Un rapport récent du ministère de la Justice signale le côté contradictoire de la présence des religieuses catholiques, notamment dans les infirmeries et dans les tâches d’enseignement. « En conclusion, dit ce rapport, en dehors, bien entendu, du service de l’aumônerie, il m’apparaît que, sous réserve de l’appréciation souveraine des tribunaux, (une plainte ayant été déposée en 1995) la participation de religieux au fonctionnement du service public pénitentiaire est difficilement compatible avec l’obligation de neutralité de l’ensemble des services publics. Le port des signes d’appartenance à une religion devrait en tout état de cause être exclu dans le cas de contacts directs avec les usagers du service public que sont les détenus ».

Malgré ce rapport et la nouvelle convention signée entre leur congrégation et le ministère de la Justice, les religieuses catholiques continuent d’organiser à leur convenance la scolarisation de la plupart des détenues. Or, les « sœurs », qui sont pour la plupart d’anciennes surveillantes et qui ont toujours ce statut, n’ont aucune qualification professionnelle pour enseigner. Et, même dans ce cas, elles ne pourraient être des partenaires pour l’Éducation nationale qui s’est vue confiée par le ministère la tâche d’organiser l’enseignement dans les prisons, par le fait même du prosélytisme qu’elles affichent dans leurs vêtements.

La présence des religieuses catholiques en soutane n’est-elle pas, en plus, une agression permanente, non seulement pour une partie du personnel, mais encore pour la plupart des détenues qui sont d’origines multiconfessionnelles et pluriethniques ?

La direction de la prison trouve évidemment son compte dans l’omniprésence des religieuses catholiques, parmi lesquelles on rencontre rarement des militantes syndicales.

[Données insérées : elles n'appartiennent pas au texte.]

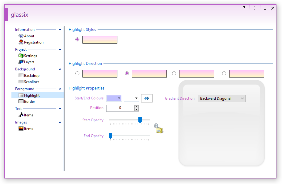 Highlights provide a visual flair to graphics and can also provide a glossy-look.
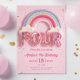 Editable Rainbow Fourth Birthday Invitation, Pink Invitation
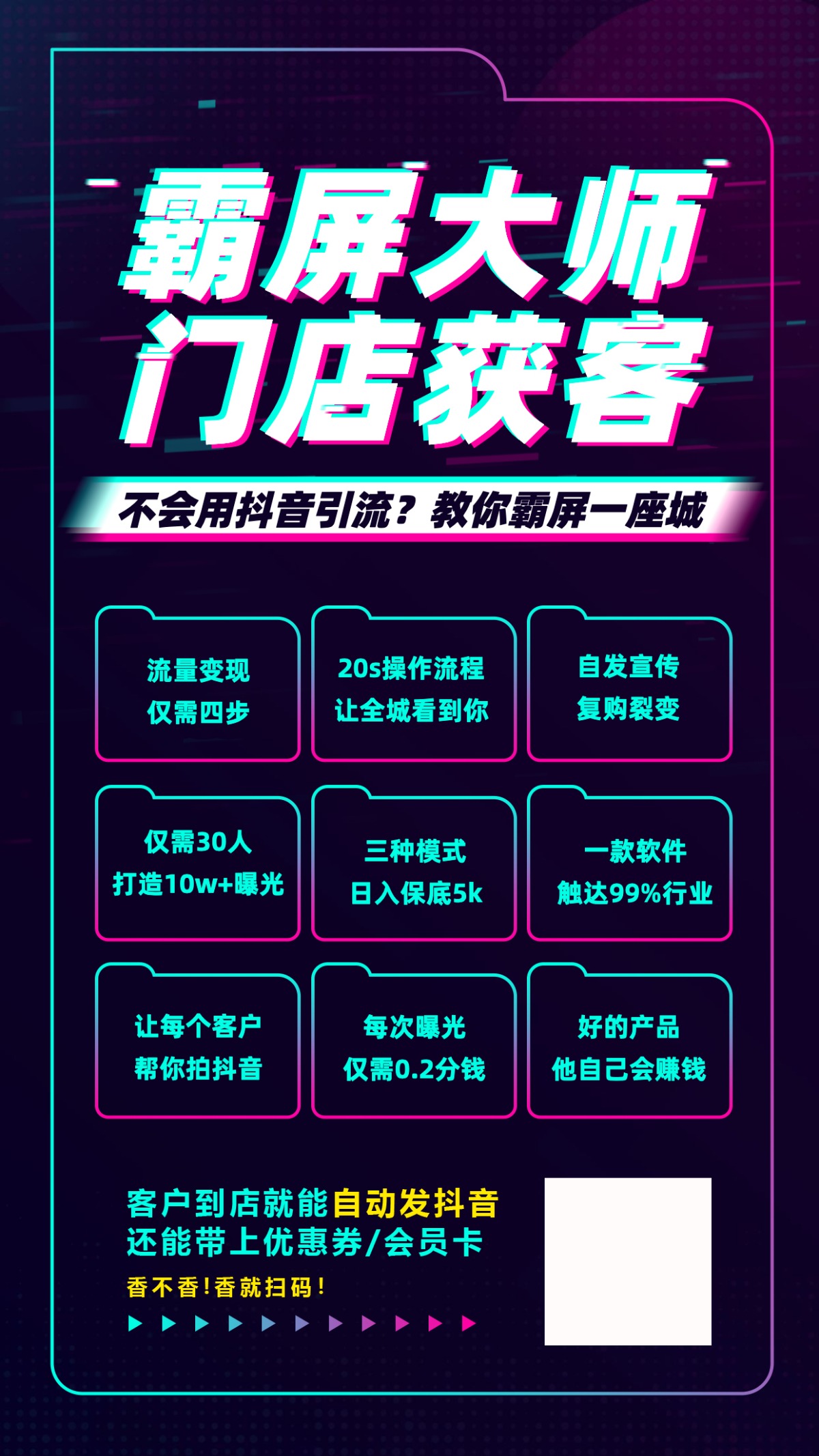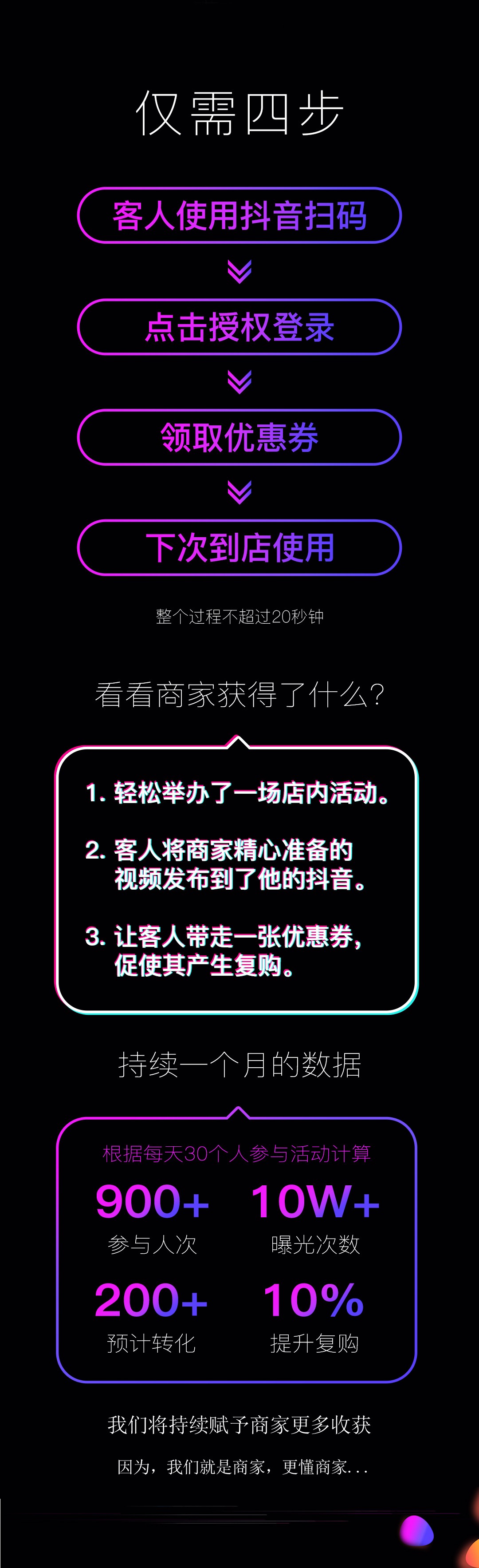 商家只需要事先把制作好的抖音短视频上传即可,活动后台生成一个活动二维码,然后印刷成海报或者宣传单页,消费者到店或者通过其他宣传方式扫码领店铺优惠券,同时会自动发布一条我们准备好的广告视频到他的抖音!
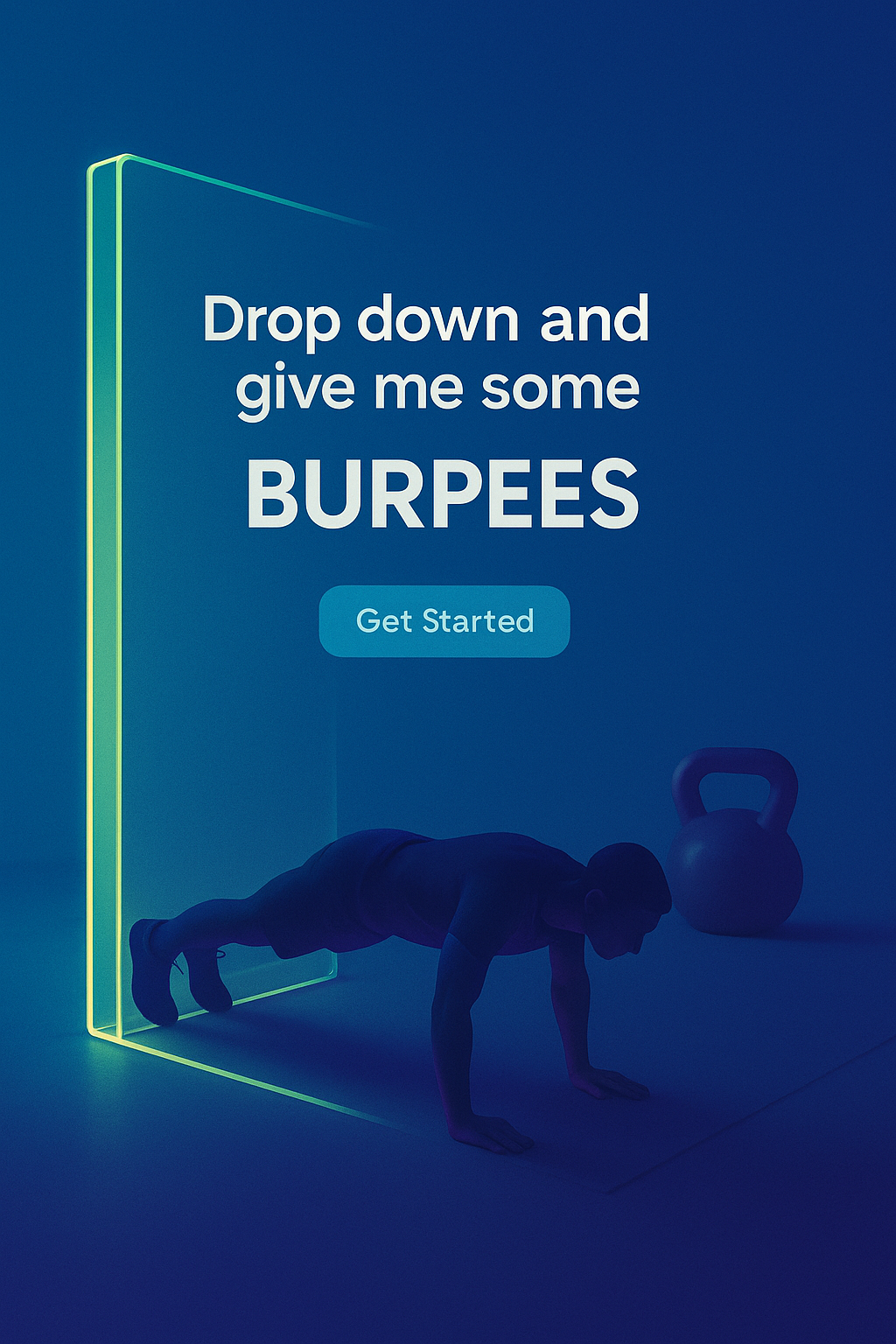 /Collection: /by davooda/Type: PNG/A workout scene featuring a person performing burpees in shadow, accentuated by glowing neon lines and a semi-transparent glass structure. The vibrant colors create a dynamic atmosphere.

Bien au contraire, au moment des grèves des surveillants pour obtenir la « parité police », les religieuses, à la grande satisfaction de l’administration centrale, jouèrent toutes, sans exception, et très efficacement, le rôle de briseuses de grève.

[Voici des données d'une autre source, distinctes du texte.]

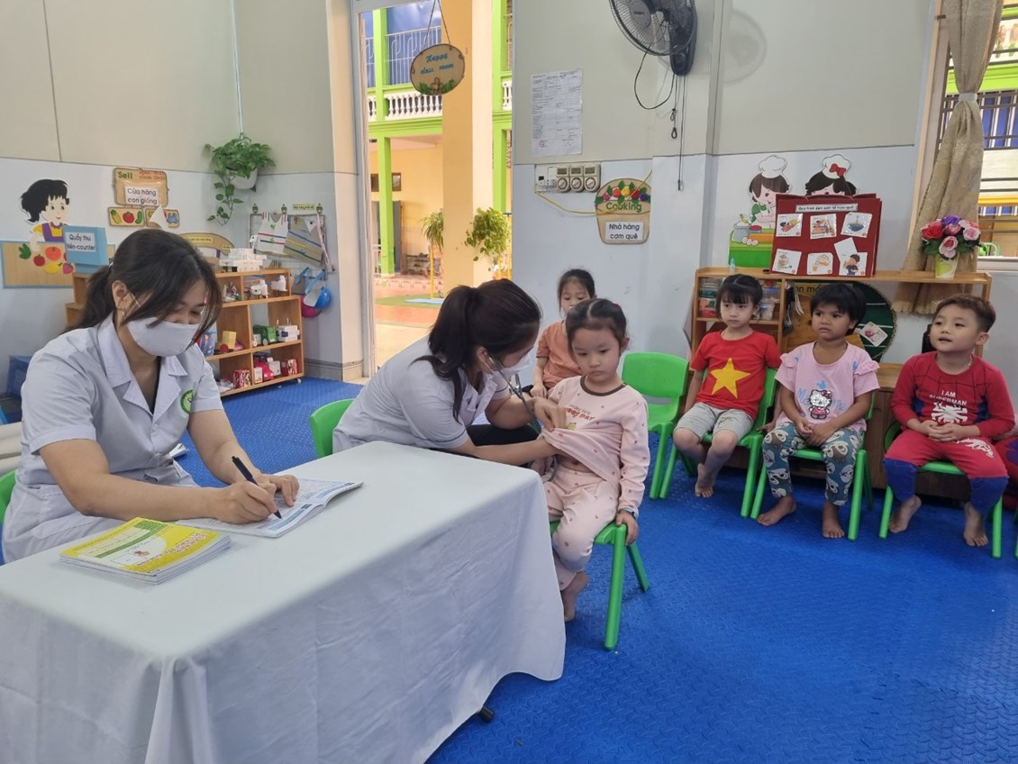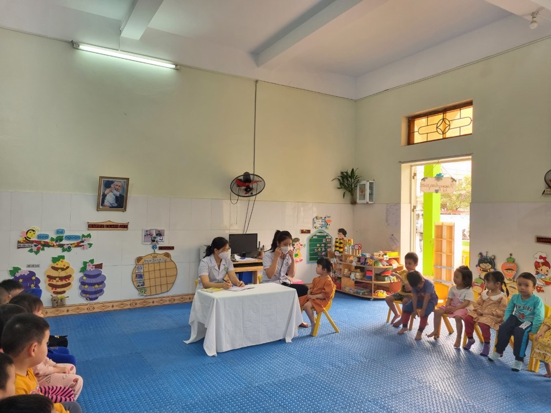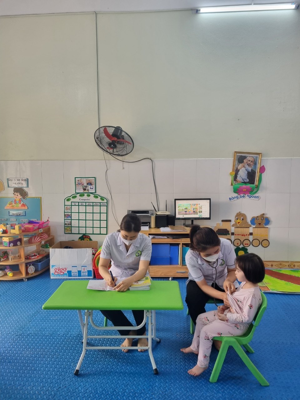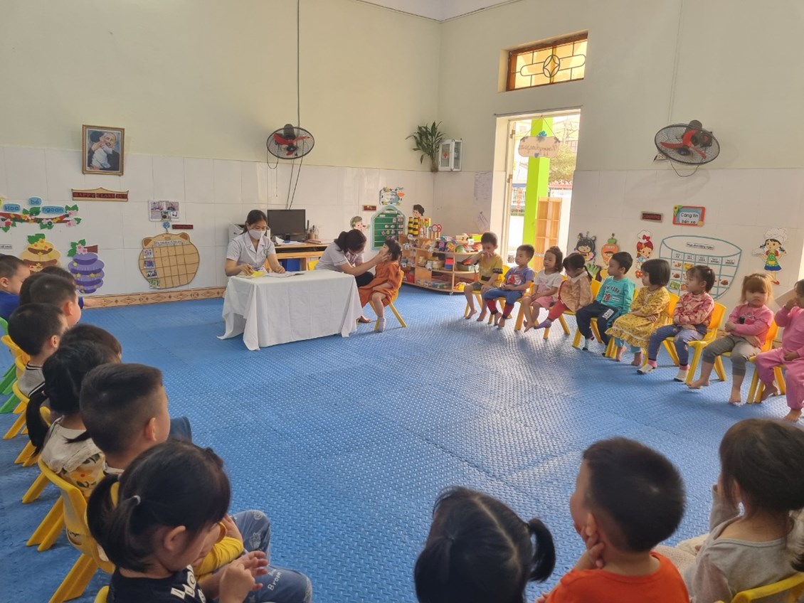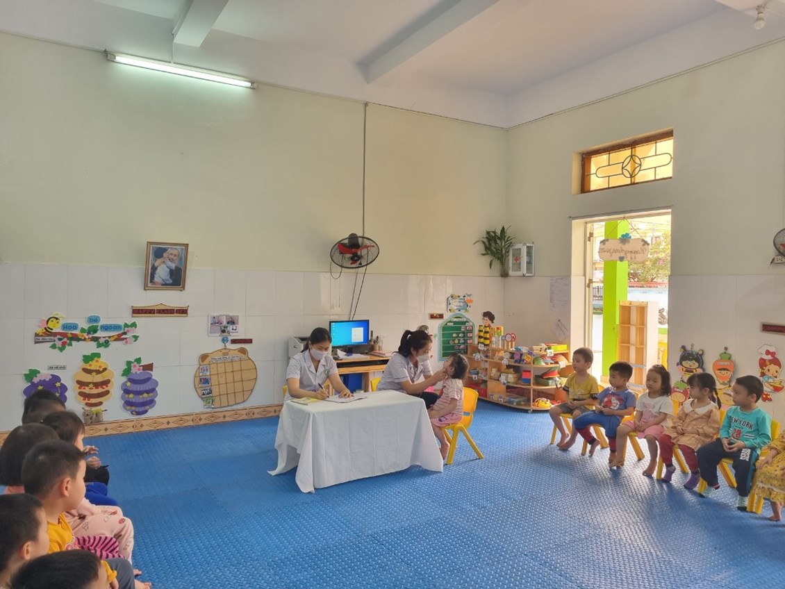 Trong các hoạt động của nhà trường, công tác chăm sóc sức khoẻ cho trẻ là một việc làm luôn được nhà trường đặc biệt quan tâm. Việc tổ chức khám sức khoẻ định kỳ cho trẻ đã được nhà trường duy trì thành nề nếp thực hiện

Quoi de plus précieux pour un directeur de prison, à qui il n’est pas demandé en priorité d’éveiller l’esprit des détenues, mais de veiller à ce qu’elles ne franchissent pas les murs et aussi d’assurer le bon ordre intérieur de l’établissement que la présence permanente dans « ses » murs de « l’Ordre catholique de Marie-Joseph ».

Les détenues ne rêvent que de liberté, les religieuses que d’enfermement. Comme disait une vieille détenue : « Quand on vu arriver les surveillantes laïques, de vraies femmes, ayant une vie privée avec enfants, maris ou amants, cela a été un ballon d’oxygène ».

La présence des « sœurs » est une entrave à la loi qui donne à chaque femme le droit d’avorter. En effet, c’est un problème auquel beaucoup de femmes de Fleury-Mérogis sont confrontées. Soit elles arrivent enceintes, soit elles le découvrent lors de l’examen médical pratiqué à l’entrée. Certaines apprennent aussi leur séropositivité. Donc, le problème de l’avortement pour toutes ces femmes est crucial. Elles subissent de la part des « sœurs » une pression insupportable et, pour certaines, insurmontable, ce qui a entraîné des histoires terribles, où les détenues ont laissé une grand partie d’elles-mêmes.

Voilà comment fonctionne une institution « laïque et républicaine », qui prétend respecter les femmes, leur conscience et la liberté de penser, inscrite en toutes lettres dans notre constitution.